Artificial intelligence (AI) is increasingly recognised as a transformative force in healthcare, with large language models (LLMs) like ChatGPT showing particular promise in summarising clinical documents, simplifying complex information, including diagnostic reports, and supporting decision-making [1,2,3,4,5,6,7]. A clear understanding of their disease and its management is crucial for patients, as effective shared decision-making and greater engagement in care have been associated with improved outcomes in chronic conditions such as Inflammatory Bowel Disease (IBD). In perianal Crohn’s disease (pCD), a severe phenotype of Crohn’s disease (CD), complex fistulae can cause substantial social and occupational burden [8]. Management often requires lifelong repeated imaging, with MRI recommended by both European Crohn’s and Colitis Organisation (ECCO) and the European Society for Gastrointestinal and Abdominal Radiology (ESGAR) as the gold standard modality [9,10]. An example MRI of a complex perianal fistula is shown in Figure 1.
However, patient perspectives in radiology remain underexplored despite evidence showing that engaging patients in IBD care improves quality of life and likelihood of remission [11,12]. Our recent global survey of patients’ attitudes to imaging in pCD [13] found that whilst MRI is valued for both accuracy and insight, standard MRI fistula reporting is often complex and difficult to understand. Patients expressed a strong interest in AI-generated patient-friendly summaries with actionable recommendations, provided these are clearly explained and validated by professionals [13].
MRI reports are traditionally written for clinicians using technical terminology and assume a medical background. With imaging now routinely digitised and reports increasingly available to patients without a detailed lay person explanation of its contents, LLMs offer a compelling opportunity to automate care pathways and generate personalised, patient-friendly summaries. Patients and families consistently express a strong desire for AI in healthcare, particularly when it enhances the readability, accessibility, and personal relevance of medical information [13,14,15,16,17,18,19]. Studies show high acceptability and even preference for AI-generated content, provided it is trustworthy and context-specific [17,18]. In parallel, medical institutions and specialist societies are increasingly exploring responsible integration of AI, calling for structured data integration, governance frameworks, and alignment with clinical workflows [20,21,22,23]. Specialist taskforces including the ACPGBI AI & Data Management Taskforce and ECCO’s 9th Scientific workshop in AI have been established to support ethical implementation and build clinician and public trust [24,25,26].
Radiology research into the application of LLMs has shown promise in supporting clinical decision making by aligning with imaging appropriateness criteria [27], enhancing accessibility through generating patient-friendly summaries [2,28] and simplified terminology [1,3,29], structuring unformatted reports [30] and supporting follow-up tracking [31]. Yet despite this momentum, real-world evidence on the feasibility, benefits, and risks of AI, particularly from the patient and frontline clinician perspective, remains limited [32,33]. Furthermore, concerns persist around factual inaccuracies, oversimplification, and hallucinations, highlighting the need for expert oversight and further validation before routine clinical use [34,35,36].
This randomised feasibility study aims to evaluate the use of a general-purpose LLM (ChatGPT-4o) to generate lay summaries of MRI reports for patients with complex perianal fistulae. The primary objective is to assess patient-perceived comprehensibility, readability, and usefulness. Secondary objectives include a multi-disciplinary clinician evaluation of factual accuracy, completeness, and the presence of hallucinations or misleading content.

2. Materials and Methods

2.1. Patient and Public Involvement (PPI)

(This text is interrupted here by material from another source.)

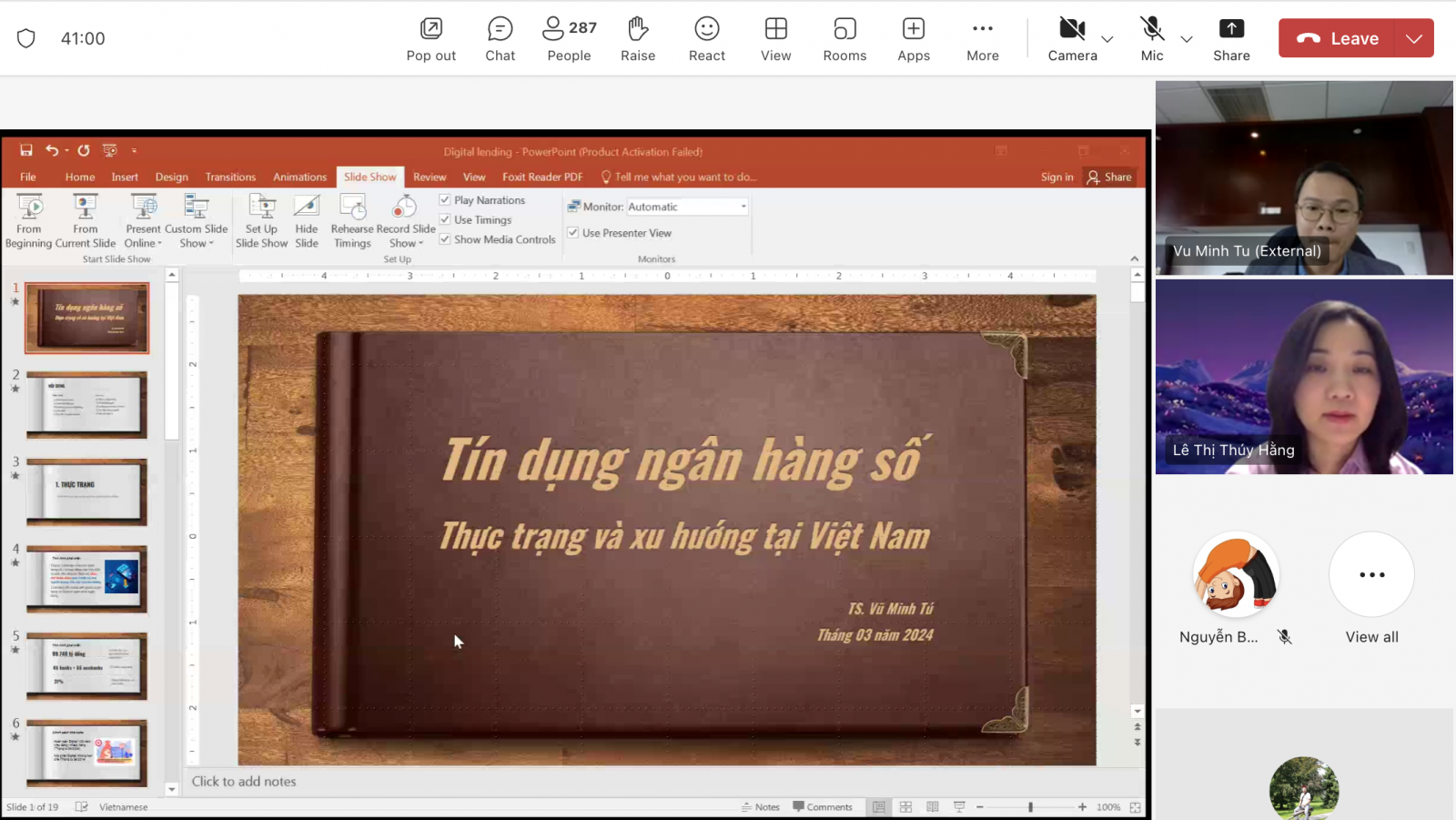 Trong thời đại của sự kết nối liên tục và sự phát triển không ngừng của công nghệ thông tin, việc tổ chức các buổi báo cáo chuyên đề trực tuyến đã trở thành một xu hướng phổ biến và không thể phủ nhận. Sự thuận tiện và linh hoạt của việc tham gia từ xa đã thu hút sự quan tâm của hơn 300 sinh viên đến với chủ đề “Ngân hàng số”. Với sự tận tâm và kiến thức sâu rộng trong lĩnh vực của mình, TS. Vũ Minh Tú đã chia sẻ những thông tin mới nhất, những phân tích sâu sắc và những góc nhìn độc đáo trong lĩnh vực Tín dụng ngân hàng số cũng như thực trạng và xu hướng tại Việt Nam hiện nay. Bằng cách truyền đạt kiến thức và thông tin chuyên sâu của mình thông qua nền tảng trực tuyến, TS. Vũ Minh Tú không chỉ chia sẻ kinh nghiệm và hiểu biết của mình mà còn tạo ra một môi trường tương tác sôi nổi, kích thích sự thảo luận và hợp tác với sinh viên của khoa.
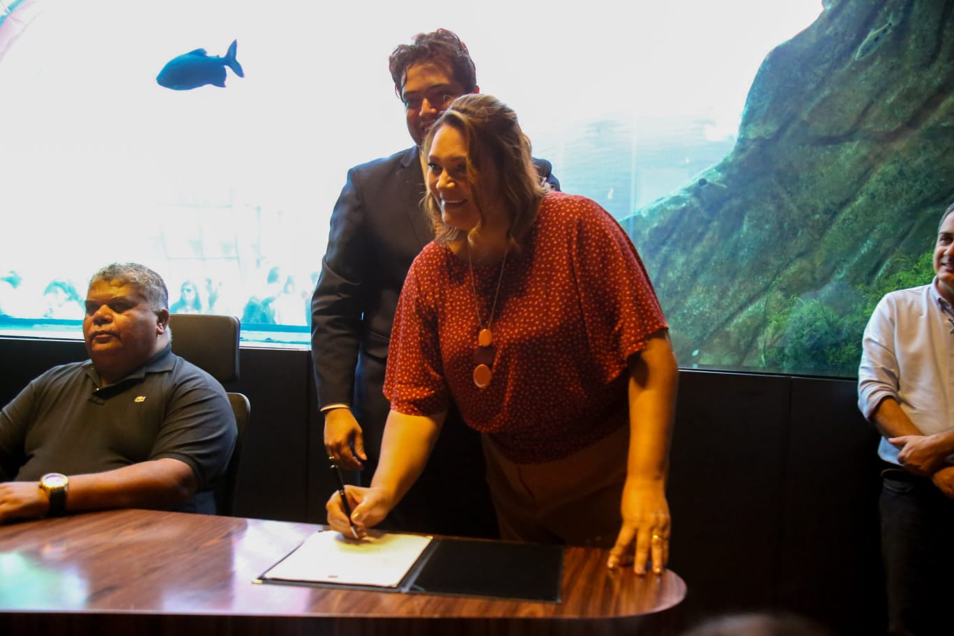 Em cerimônia marcada por lágrimas e participação em peso de movimentos sociais de reforma agrária, assinaram o termo de posse Paulo Roberto da Silva (Superintendência Regional do Incra); Marina Ricardo Nunes Viana (Coordenadora geral do escritório estadual do MDA) e Julio Cleverton dos Santos (Superintendente da Pesca e Aquicultura).

A dedicated PPI workshop and global survey informed our study’s priorities [13]. Patients with complex perianal fistulising disease advocated for AI-generated summaries that were clear, comprehensible, and actionable. Three patient advocates joined the study steering group and helped design the evaluation framework. Their input shaped the prompt structure, report content preferences, and interpretation of findings.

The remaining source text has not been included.